If you'd like to get rid of all white spaces inbetween a String use replaceAll(String regex,String replacement) or replace(char oldChar, char newChar):
String sBefore = "2.03 445 ";
String sAfter = sBefore.replaceAll("\\s+", "");//replace white space and tabs
//String sAfter = sBefore.replace(' ', '');//replace white space only
double i = 0;
try {
i = Double.parseDouble(sAfter);//parse to integer
} catch (NumberFormatException nfe) {
nfe.printStackTrace();
}
System.out.println(i);//2.03445
UPDATE:
Looking at your code snippet the problem might be that you read it directly as a float/int/double (thus entering a whitespace stops the nextFloat()) rather read the input as a String using nextLine(), delete the white spaces then attempt to convert it to the appropriate format.
This seems to work fine for me:
public static void main(String[] args) {
//bugChecking bc = new bugChecking();
float i = 0.0f;
String tmp = "";
Scanner in = new Scanner(System.in);
System.out.println("Please enter a positive integer");
while (true) {
tmp = in.nextLine();//read line
tmp = tmp.replaceAll("\\s+", "");//get rid of spaces
if (tmp.isEmpty()) {//wrong input
System.err.println("Please enter a number greater than 0.");
} else {//correct input
try{//attempt to convert sring to float
i = new Float(tmp);
}catch(NumberFormatException nfe) {
System.err.println(nfe.getMessage());
}
System.out.println(i);
break;//got correct input halt loop
}
}
in.close();
}
EDIT:
as a side note please start all class names with a capital letter i.e bugChecking class should be BugChecking the same applies for test2 class it should be Test2
String objects have methods on them that allow you to do this kind of thing. The one you want in particular is String.replace. This pretty much does what you're trying to do for you.

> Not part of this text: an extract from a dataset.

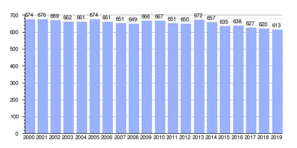 | Gráfica de evolución demográfica de Leira entre 2000 y 2019 |

String input = " 2.03 445 ";
input = input.replace(" ", ""); // "2.03445"
You could also use regular expressions to replace more than just spaces. For example, to get rid of everything that isn't a digit or a period:
String input = "123,232 . 03 445 ";
input = input.replaceAll("[^\\d.]", ""); // "123232.03445"
This will replace any non-digit, non-period character so that you're left with only those characters in the input. See the javadocs for Pattern to learn a bit about regular expressions, or search for one of the many tutorials available online.

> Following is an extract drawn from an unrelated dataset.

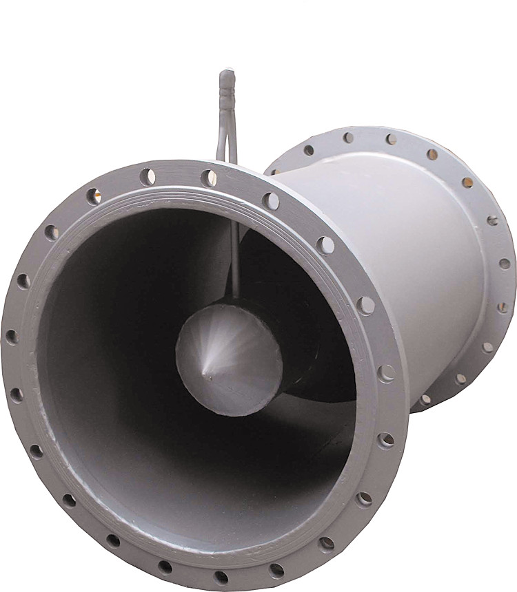 (1) 直管段要求低;v型錐流量計采用獨特的中心流線型結(jié)構(gòu)和翼形支撐件的整流作用,巧妙地解決了長直管段整流的問題,它能夠重塑流速曲線,在緊靠錐體上游和下游區(qū)域內(nèi),將流速不規(guī)則的流體直接整流成接近理想流體,可充分滿足伯努利定理的要求,獲得很高的測量精度和重復(fù)性。

Edit: One other remark, String.trim will remove all whitespace from the beginning and end of your string to turn " 2.0332" into "2.0332":
String input = " 2.0332 ";
input = input.trim(); // "2.0332"
Edit 2: With your update, I see the problem now. Scanner.nextFloat is what's breaking on the space. If you change your code to use Scanner.nextLine like so:
while (i <= 0) {
String input = in.nextLine();
input = input.replaceAll("[^\\d.]", "");
float i = Float.parseFloat(input);
if (i <= 0.0f) {
System.out.println("Please enter a number greater than 0.");
}
System.out.println(i);
}
That code will properly accept you entering things like "123,232 . 03 445". Use any of the solutions in place of my replaceAll and it will work.

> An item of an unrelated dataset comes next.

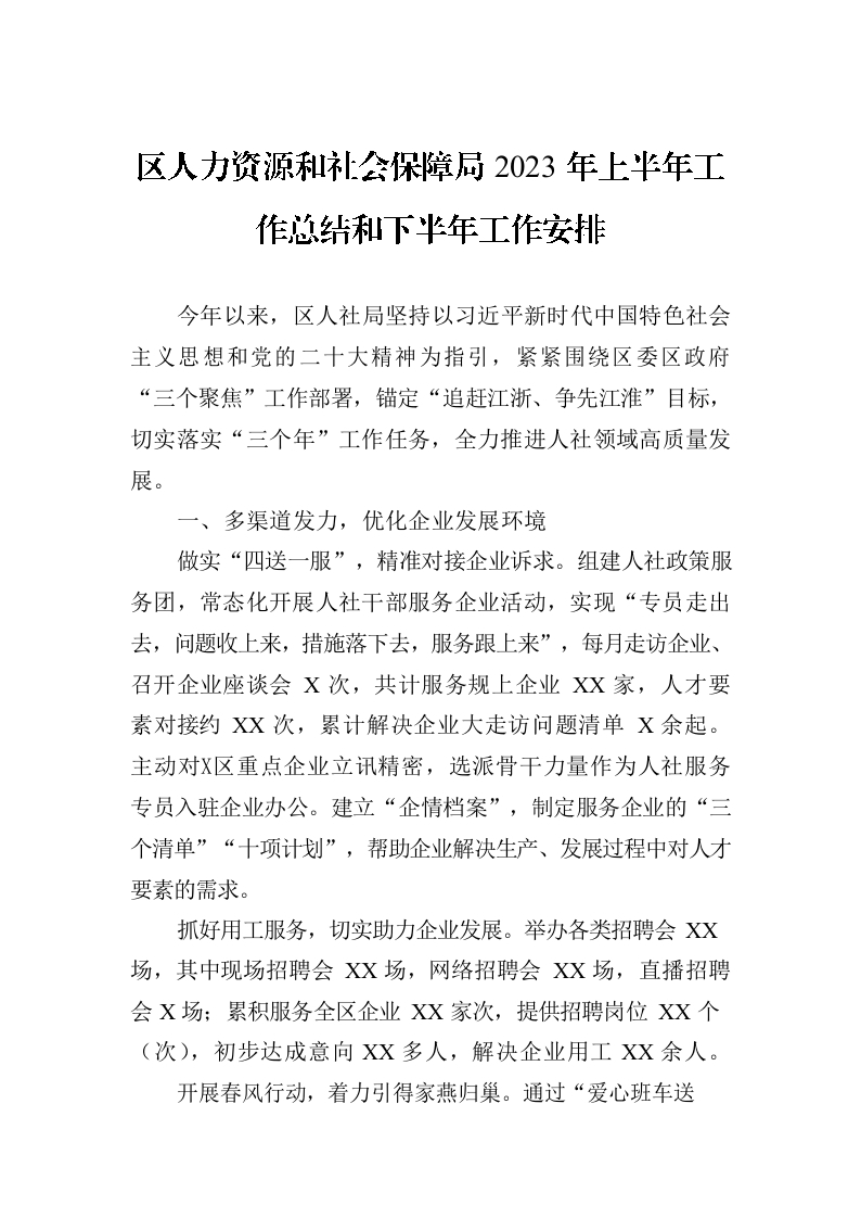 / 区人力资源和社会保障局2023年上半年工作总结和下半年工作安排(20230707)

Scanner.nextFloat will split your input automatically based on whitespace. Scanner can take a delimiter when you construct it (for example, new Scanner(System.in, ",./ ") will delimit on ,, ., /, and )" The default constructor, new Scanner(System.in), automatically delimits based on whitespace.
I guess you're using the first argument from you main method. If you main method looks somehow like this:
public static void main(String[] args){
System.out.println(deleteSpaces(args[0]);
}
Your problem is, that spaces separate the arguments that get handed to your main method. So running you class like this:
java MyNumberConverter 22.2 33
The first argument arg[0] is "22.2" and the second arg[1] "33"
But like other have suggested, String.replace is a better way of doing this anyway.